聖書のダニエル書の中には,古代バビロンから現代に至るまでの主な世界強国の興亡を物語る,預言的な幻が記されています。例えば,西暦前6世紀に,ダニエルは四つの象徴的な獣の夢を見ました。これらの象徴的な動物に関するダニエルの描写によると,その動物は次のようなものでした。
(1)初めは鷲のような翼を持っているが,後にそれを失い,人間の特質を帯びる獅子。(2)多くの肉をむさぼり食う熊。(3)四つの翼(ただでさえ速いその速度をさらに増す)と四つの頭を持つ豹。そして,(4)実在するどんな動物にも相当しない,「恐ろしく,すさまじく,際立って強い」野獣。この四番目の獣には,大きな鉄の歯,十本の角,そして別の「小さな」角があり,その小さな角には目と「大仰な事を語る口」が付いていた。―ダニエル 7:3-8,新。
バビロンから「人の子」による支配まで
これら四つの獣は何を表わしているのでしょうか。聖書の記述によると,それらの獣は「王」あるいは王国を象徴しています。(ダニエル 7:17)獅子は,この幻が与えられたときに中東で最も有力な強国だったバビロンを表わしています。(エレミヤ 4:5-7)熊は,世界強国としてバビロンの後に興った王国をさしています。それはメディア-ペルシャであることが明らかになりました。翼のある四つの頭を持つ豹は,ギリシャ帝国を描いたものです。豹の四つの頭について言えば,アレクサンドロス大王の死後,将軍たちが支配力を得ようと争い,やがてそのうち四人がそれぞれ四つの異なった地方に支配権を確立しました。この幻に登場する四番目の象徴的な獣は,ギリシャ帝国をのみ尽くした世界強国,すなわちローマを表わしています。
この四番目の獣の十本の角,および目と「大仰な事を語る口」のある別の角は何を表わしているのでしょうか。(ダニエル 7:8,新)聖書は時として,支配者や支配王朝を象徴するのに角を用いることがあります。(ダニエル 8:2-10,20-22。ゼカリヤ 1:18-21。ルカ 1:69-71)十という数は,満ち満ちた様,全体,あるもののうち存在している要素すべての総和を表わします。(マタイ 25:1。ルカ 15:8; 19:13,16,17)歴史は,ローマ帝国がやがて様々な国へと分割されていったことを示しています。第四の獣の十本の角は,ローマが崩壊した結果生じた王国すべてを表わしていると思われます。
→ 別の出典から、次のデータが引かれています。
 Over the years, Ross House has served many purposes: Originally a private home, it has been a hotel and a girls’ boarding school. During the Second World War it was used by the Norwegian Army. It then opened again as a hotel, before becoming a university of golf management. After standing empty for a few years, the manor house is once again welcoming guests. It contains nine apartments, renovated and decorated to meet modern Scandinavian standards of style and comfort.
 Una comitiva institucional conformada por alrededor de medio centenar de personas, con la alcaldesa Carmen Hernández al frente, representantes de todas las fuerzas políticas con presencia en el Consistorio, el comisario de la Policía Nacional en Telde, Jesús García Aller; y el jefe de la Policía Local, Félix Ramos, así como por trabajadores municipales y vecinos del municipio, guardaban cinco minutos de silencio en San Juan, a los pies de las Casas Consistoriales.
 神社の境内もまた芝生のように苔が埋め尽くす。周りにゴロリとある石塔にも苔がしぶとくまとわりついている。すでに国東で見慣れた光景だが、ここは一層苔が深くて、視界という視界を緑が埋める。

十本の角の間から現われた「小さな」角である英国は,それまでローマ帝国の弱小な属国にすぎませんでしたが,西暦18世紀に世界一の商業および政治上の強国となって頭角を現わしました。英国と米国はその緊密な結び付きと,全般的な行動の一致ゆえに,今日ではしばしば英米世界強国と呼ばれています。この強国は,聖書中の「小さな」角の描写によく当てはまります。
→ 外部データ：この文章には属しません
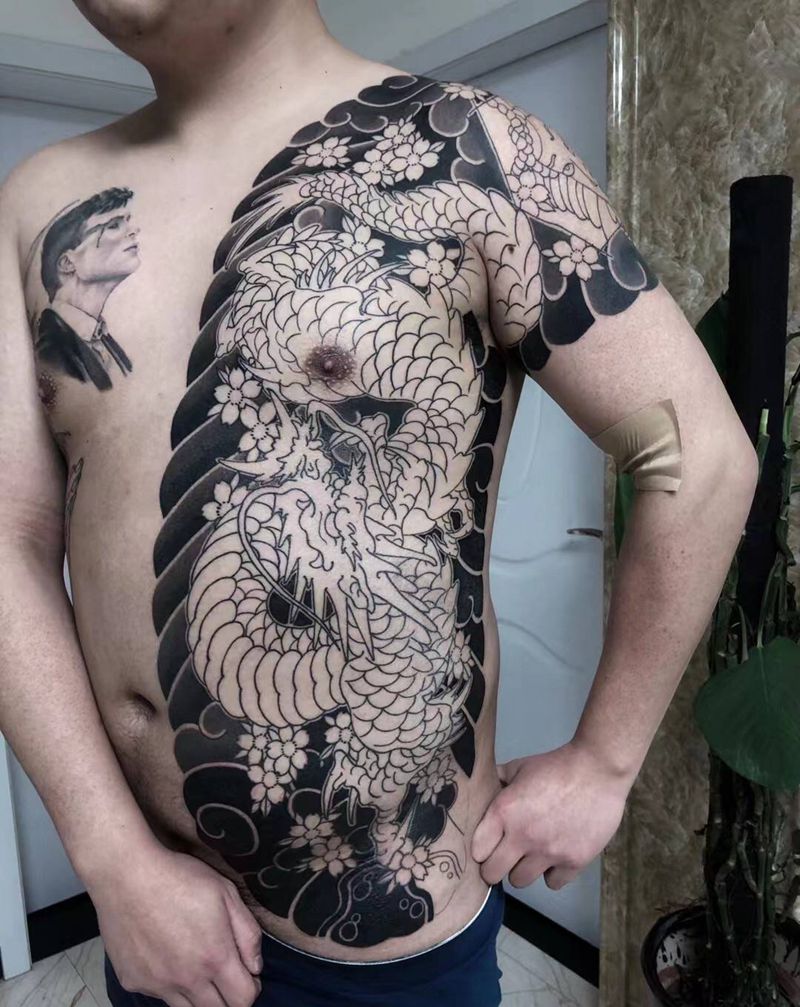 开衫龙纹身图片_腹部胸部老传统纹身图案
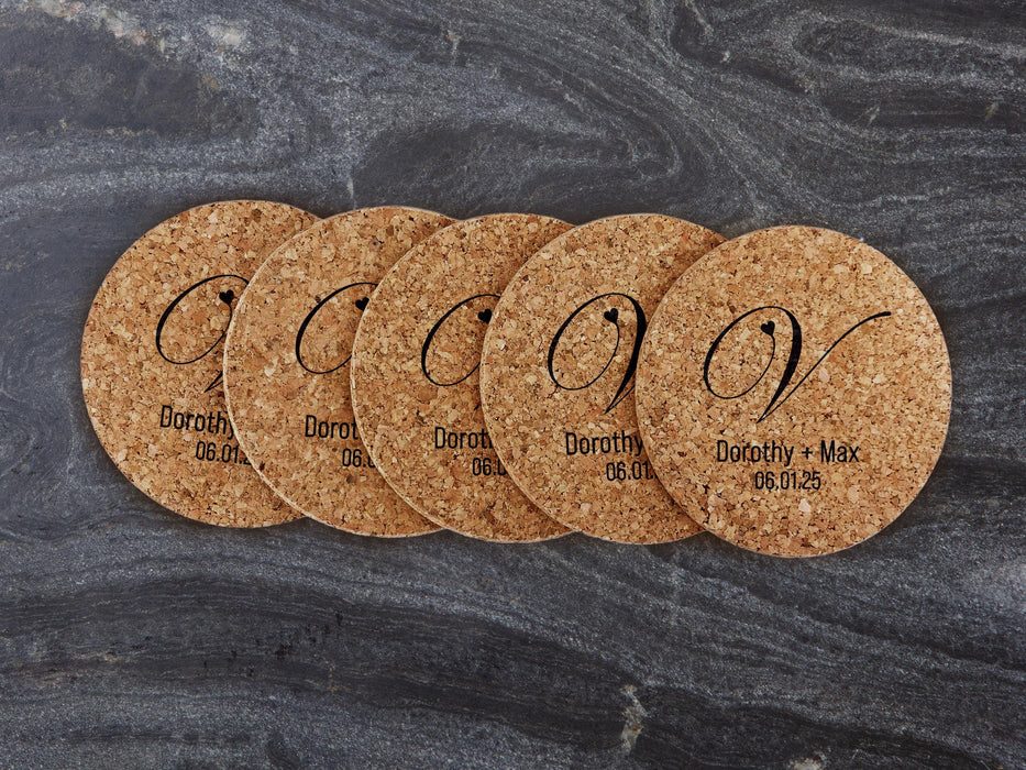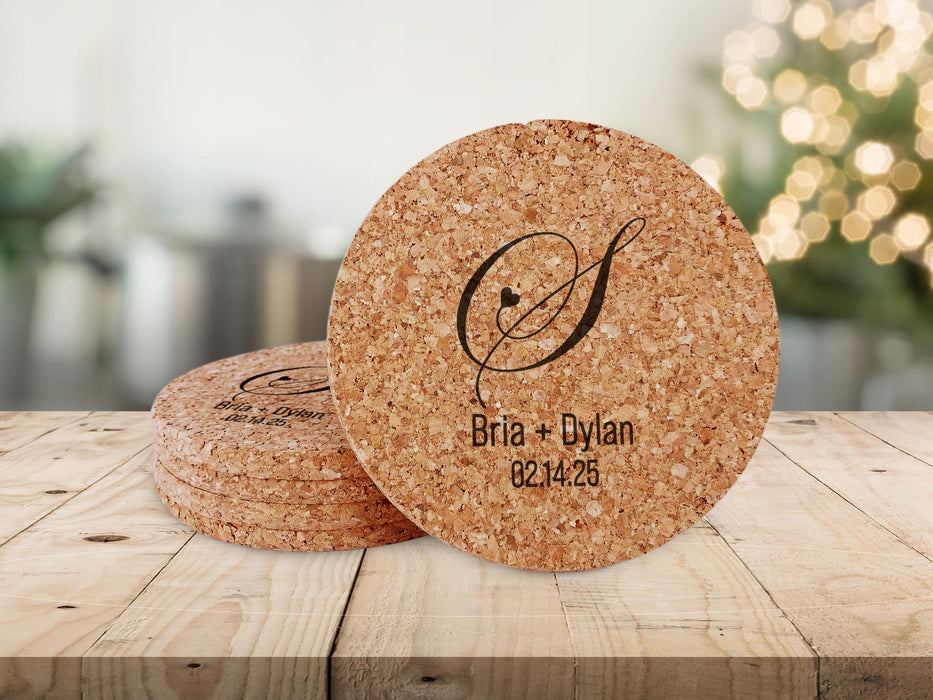 Looking for a unique and elegant decor piece to complete your wedding plans? Our personalized Heart Initial Monogram Coasters are the perfect addition! This beautiful coaster features an initial letter intertwined with a delicate heart, and the couple's name and wedding date making it the perfect symbol of love. Ideal for wedding favors, anniversary gifts, or as a unique addition to your own home, this custom coaster is the perfect way to commemorate your special day.

英米世界強国はいまだに存在しているのですから,四つの獣に関するダニエルの幻は,古代バビロンの時代から今日に至るまでの人類史の発展を予告していることになります。しかし,連綿と続く人間の政治上の王国が終わった後にはどんなことが起きるのでしょうか。ダニエルはさらに次のように述べています。
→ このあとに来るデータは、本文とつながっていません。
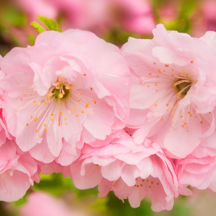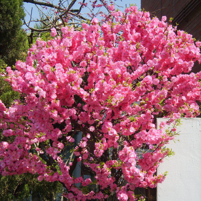 Цветы до 30 - 40 мм в диаметре. Цветет в первой половине мая в течение 10—14 дней. Цветки нежно-розового цвета, махровые, очень густо распологаются на ветвях.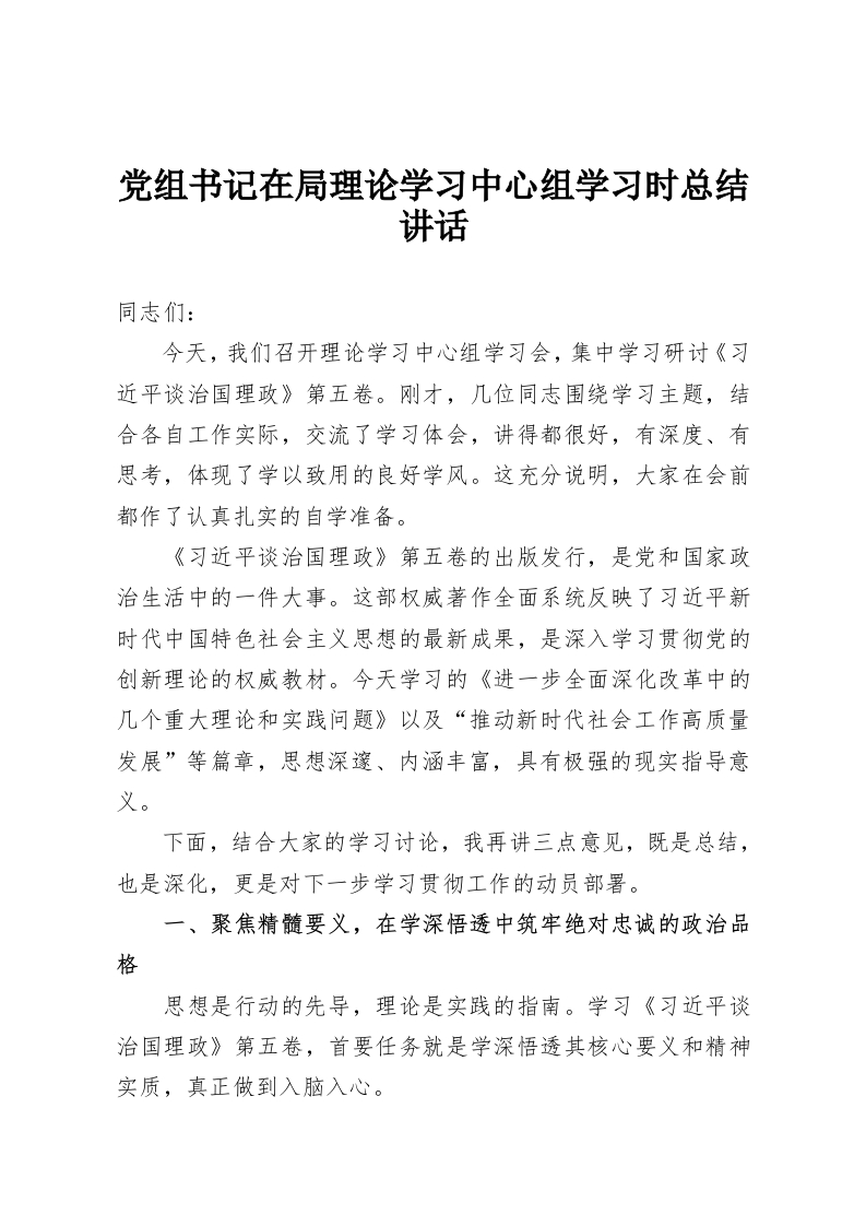 党组书记在局理论学习中心组学习时总结讲话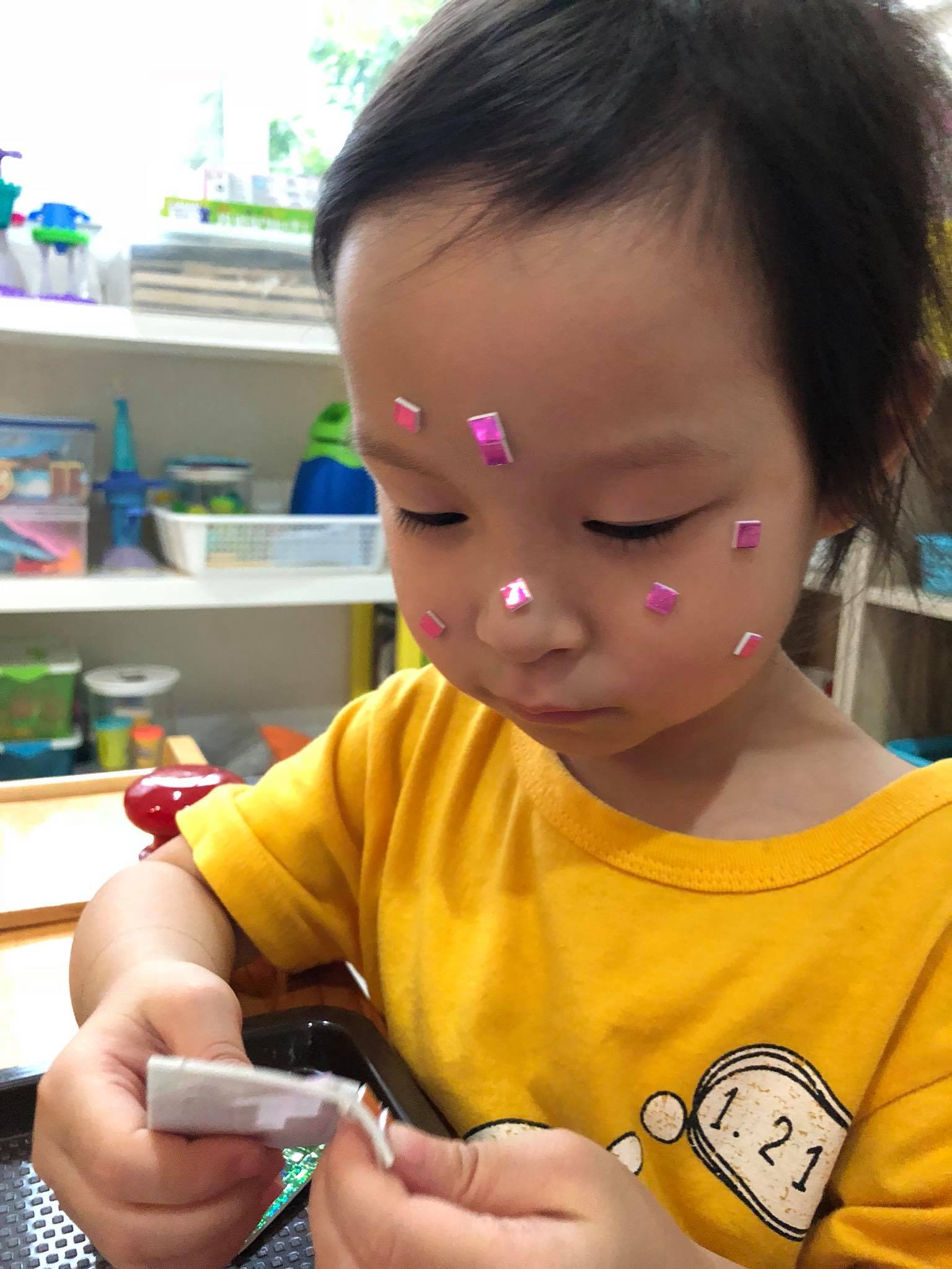 1. ฝึกกล้ามเนื้อนิ้วมือแกะและติดสติ๊กเกอร์ชิ้นเล็กจิ๋ว ซึ่งยากในการควบคุมนิ้วมือค่ะมันชิ้นเล็กมากๆ

「わたしが夜の幻の中でずっと見ていると,見よ,天の雲と共に人の子のような者が来るのであった。その者は日を経た方に近づき,彼らはその者をその方のすぐ前に連れて来た。そして,その者には,支配権と尊厳と王国とが与えられた。もろもろの民,国民,またもろもろの言語の者がすべてその者に仕えるためであった。その支配権は,過ぎ行くことなく,いつまでも定めなく続く支配権,その王国は滅びに至ることのないものである」― ダニエル 7:13,14,新。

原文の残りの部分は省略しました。